Lorenzo von Matterhorn
Joined
Jan 31, 2009
Messages
9,560
Reaction score
1,749
I'd forgotten about this. Very impressive...

Vega 1 Balloon

https://nssdc.gsfc.nasa.gov/nmc/spacecraftDisplay.do?id=1984-125F

Description

A constant-pressure instrumented balloon aerostat was deployed from the upper heat protection hemisphere of each if the two Vega lander craft immediately after entry into the atmosphere. The primary scientific objective of the Vega balloon probes was to obtain information about the large- and small-scale motions, structure, and cloud properties of the Venus atmosphere at the float altitude. The probes floated at an altitude of about 54 km in the middle, most active layer of the Venus three-tiered cloud system and measured the local atmospheric dynamics, pressure, temperature, lightning, illumination levels, and cloud properties over a period of about 46 hours in both the night- and day-side.

Spacecraft and Subsystems

The Vega balloon probe comprised a 3.4 meter diameter balloon and a gondola, suspended below the balloon by a 13 meter long tether strap.
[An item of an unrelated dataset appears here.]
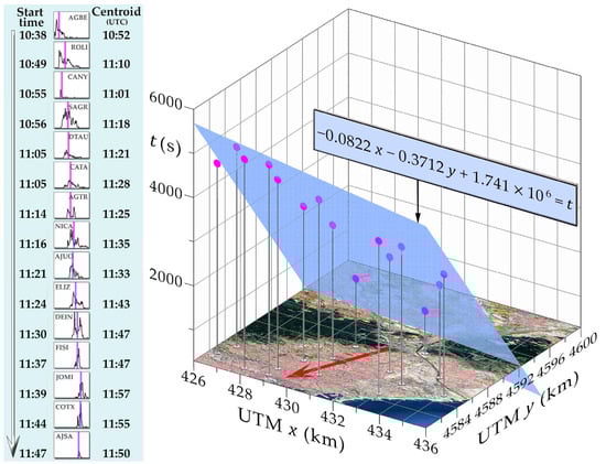 For a given storm, once the reference points for each rain gauge in the network have been determined, a set of experimental points is considered, with the coordinates of the gauge , and the time of the storm feature to be tracked. This set of experimental points is then fitted to a plane, defined by Equation (4) by the least squares method (planar regression) [].

The total mass of the deployed balloon probe was 21.5 kg: 12.5 kg for the balloon and tether, 6.9 kg for the gondola, and 2.1 kg of helium in the balloon. The balloon, gondola, parachute, ballast, tanks of helium, and timing electronics and pyrotechnic release devices with a total mass of 120 kg were stored in a toroidal compartment surrouding the lander antenna before deployment.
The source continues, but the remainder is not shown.